Assembly of the complete mitogenome from RAD-seq data is now possible 16 , 17 , 18 . Furthermore, Bird (2021) developed a pipeline to identify aligned mitogenome segments (AMS) from RAD-seq data, which can be applied to investigate the gene flow and population structure of aquatic organisms 19 , 20 , 21 .

The lack of information on the genetic diversity and migration routes of exploited species, such as L. chrysophekadion, hinders the development of sustainable management policies, which may exacerbate resource depletion.
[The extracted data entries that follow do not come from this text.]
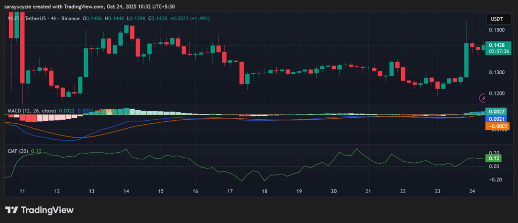 此外,WLFI的Chaikin资金流向指标(CMF)稳定在0.12,显示市场存在温和买入压力。资金流入量大于流出量,暗示看涨倾向,但力度尚不强劲。通常该数值高于0.10即预示上行动能初现。
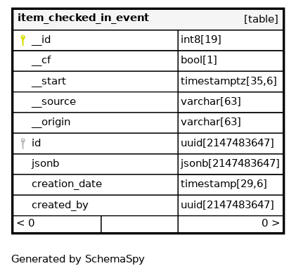 | item_checked_in_event_pkey | Primary key | Asc | __id |
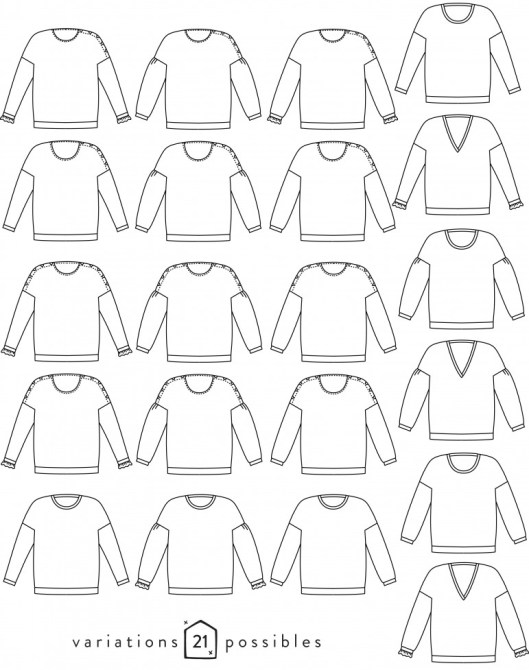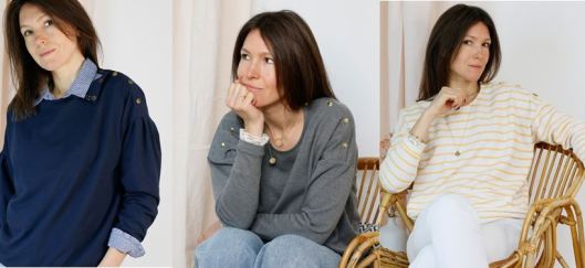 Comme vous l’avez peut-être vu, Atelier Scammit a récemment sorti le patron du sweat Horizon : « Modèle ample à l’emmanchure basse pour un style et un confort sans pareil. Trois types de manches : droite ajustée, ample avec plis plats ou classique, le tout avec option dentelle au poignet. Patte(s) de boutonnage sur l’épaule, à combiner avec trois types d’encolures: ronde ras-du-cou, ronde dégagée ou en V, et deux finitions, biais ou bord-côte. »
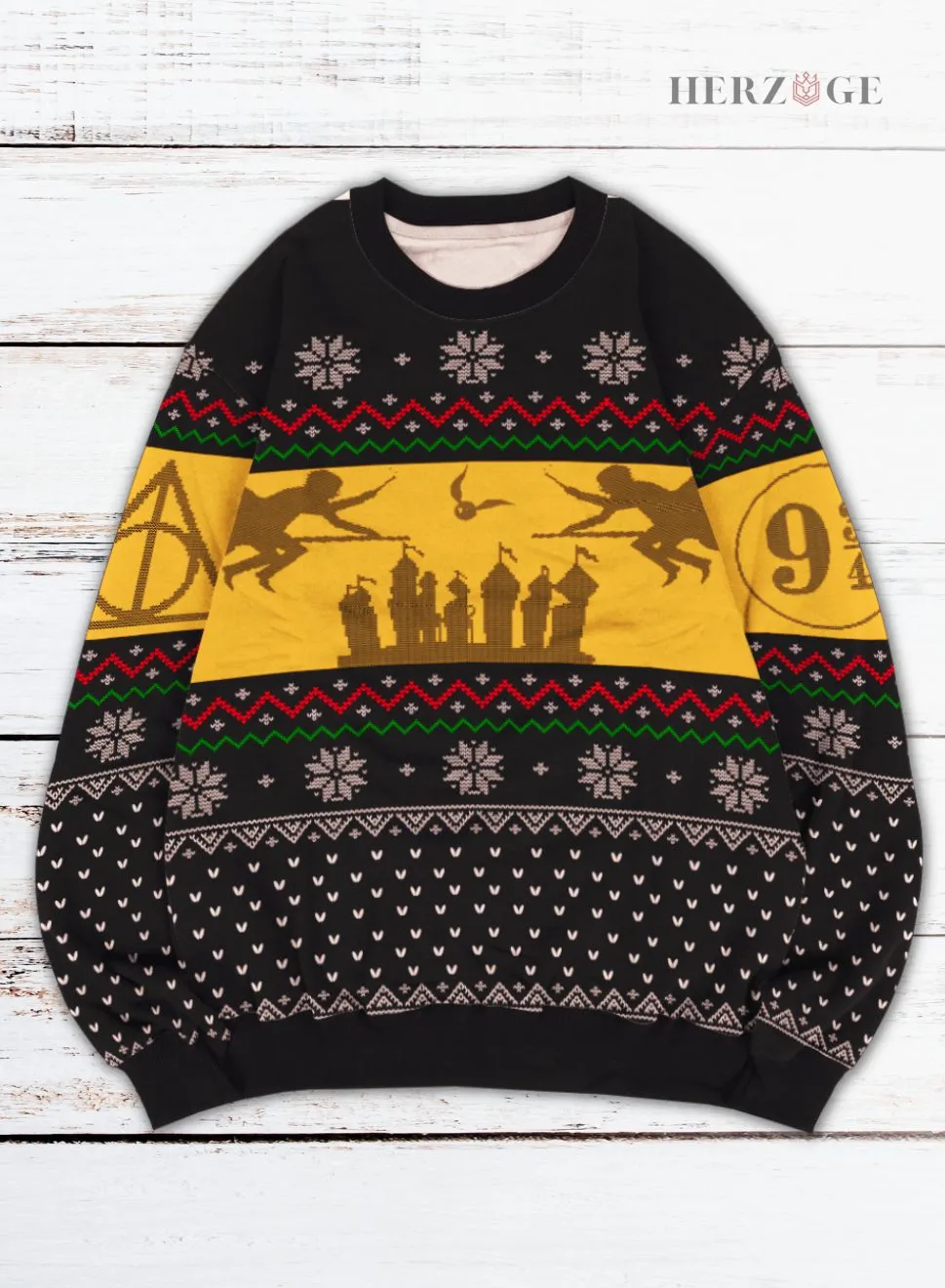 Our custom-made sweaters are inspired by the thrilling game of Quidditch from the Harry Potter series. Don this sweater and feel the magic and excitement of a Quidditch match right in your living room!

Currently, there is only one complete mitogenome available from an individual collected in Kandal, Cambodia 22 . Multiple distinct populations of L. chrysophekadion are believed to exist in the LMB based on fisheries observation data 8 . Moreover, according to Mashyaka and Duong (2021), no significant differences were found between sampling sites from Paksan (Lao PDR) to the Vietnamese Mekong Delta, despite an estimated distance of 1,200 km, as determined by intersimple sequence repeat markers 12 .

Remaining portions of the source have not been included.